The data |
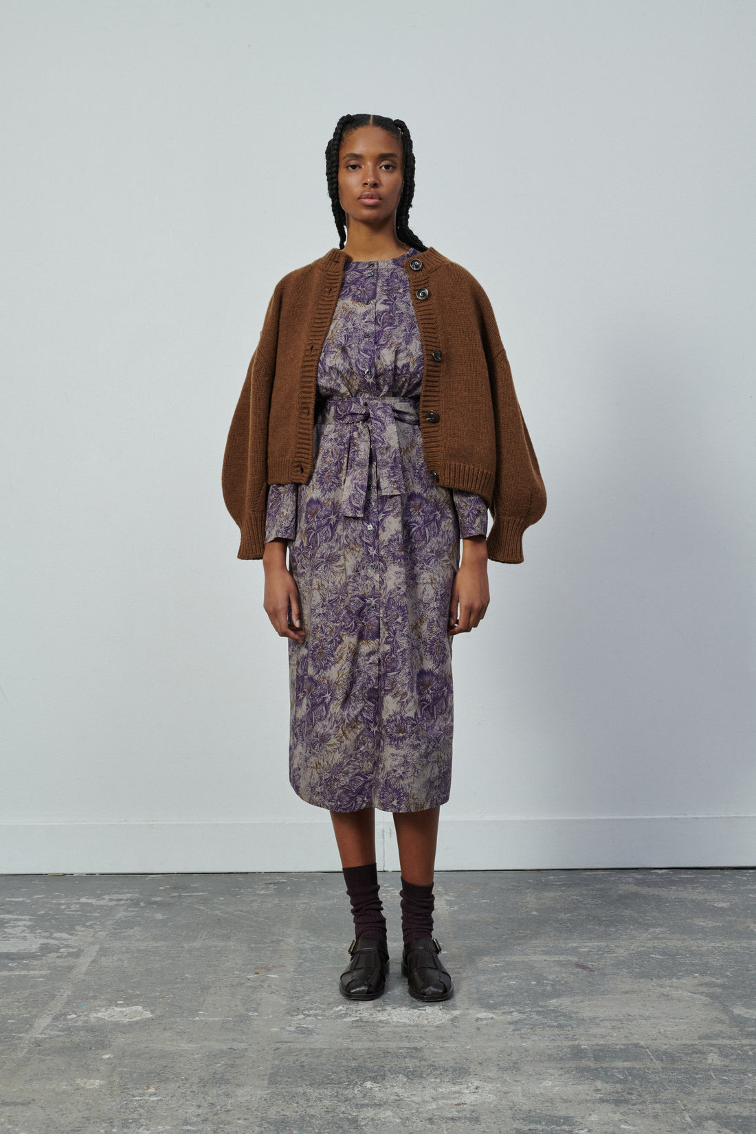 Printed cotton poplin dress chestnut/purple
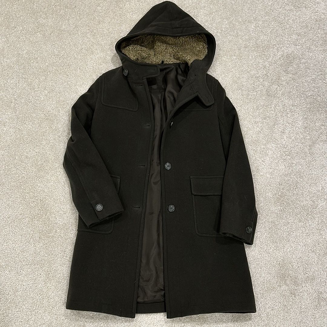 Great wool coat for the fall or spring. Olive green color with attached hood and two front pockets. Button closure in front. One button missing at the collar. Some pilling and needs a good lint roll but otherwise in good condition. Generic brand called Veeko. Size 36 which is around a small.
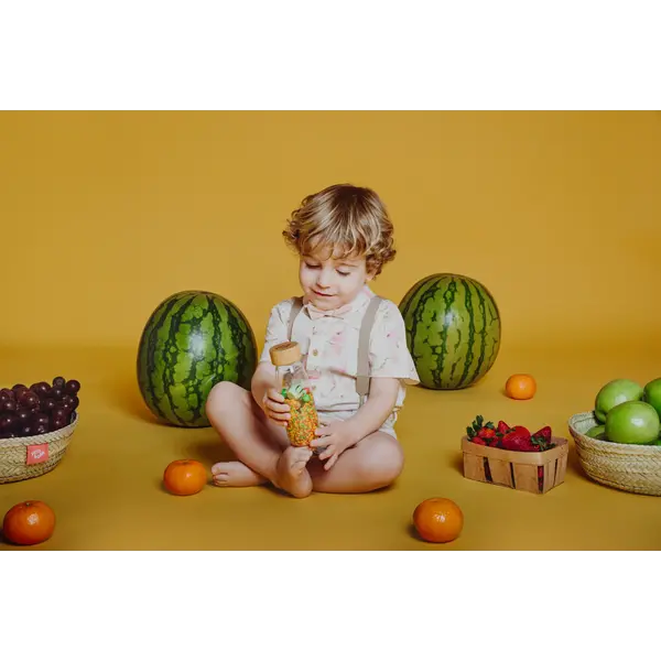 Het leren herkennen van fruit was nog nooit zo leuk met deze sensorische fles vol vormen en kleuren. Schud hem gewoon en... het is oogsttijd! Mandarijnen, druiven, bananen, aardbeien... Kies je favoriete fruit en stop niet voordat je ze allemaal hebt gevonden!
* * *
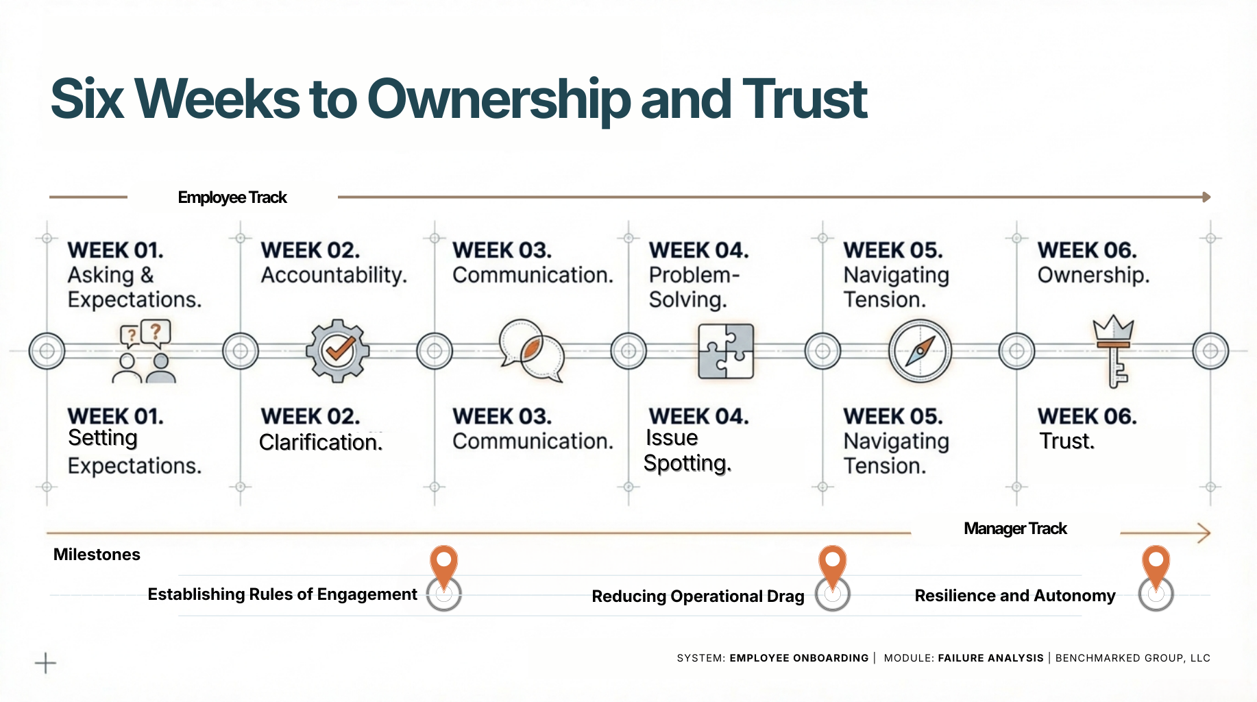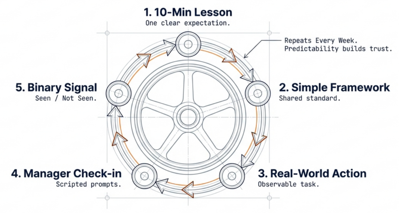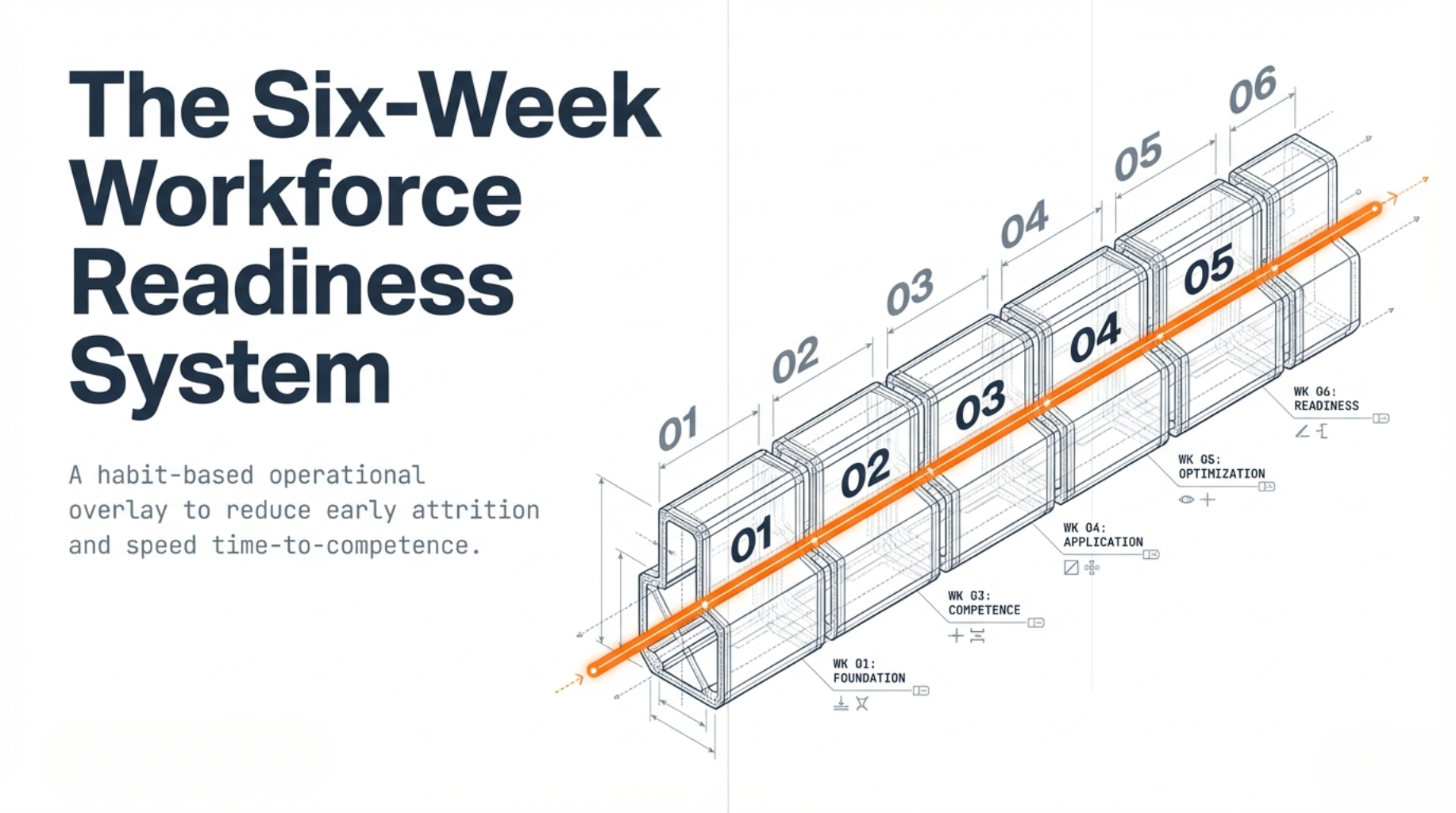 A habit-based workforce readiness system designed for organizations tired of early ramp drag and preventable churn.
* * *
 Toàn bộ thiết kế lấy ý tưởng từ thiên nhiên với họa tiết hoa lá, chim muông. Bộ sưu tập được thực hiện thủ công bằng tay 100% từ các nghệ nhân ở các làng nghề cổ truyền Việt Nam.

Exercise goal |
Your answer must be everything above from the line with "Printed cotton poplin dress chestnut/purple" down to the line with "Het leren herkennen", word for word, and no pictures.

Answer area |
 Printed cotton poplin dress chestnut/purple
 Great wool coat for the fall or spring. Olive green color with attached hood and two front pockets. Button closure in front. One button missing at the collar. Some pilling and needs a good lint roll but otherwise in good condition. Generic brand called Veeko. Size 36 which is around a small.
 Het leren herkennen van fruit was nog nooit zo leuk met deze sensorische fles vol vormen en kleuren. Schud hem gewoon en... het is oogsttijd! Mandarijnen, druiven, bananen, aardbeien... Kies je favoriete fruit en stop niet voordat je ze allemaal hebt gevonden!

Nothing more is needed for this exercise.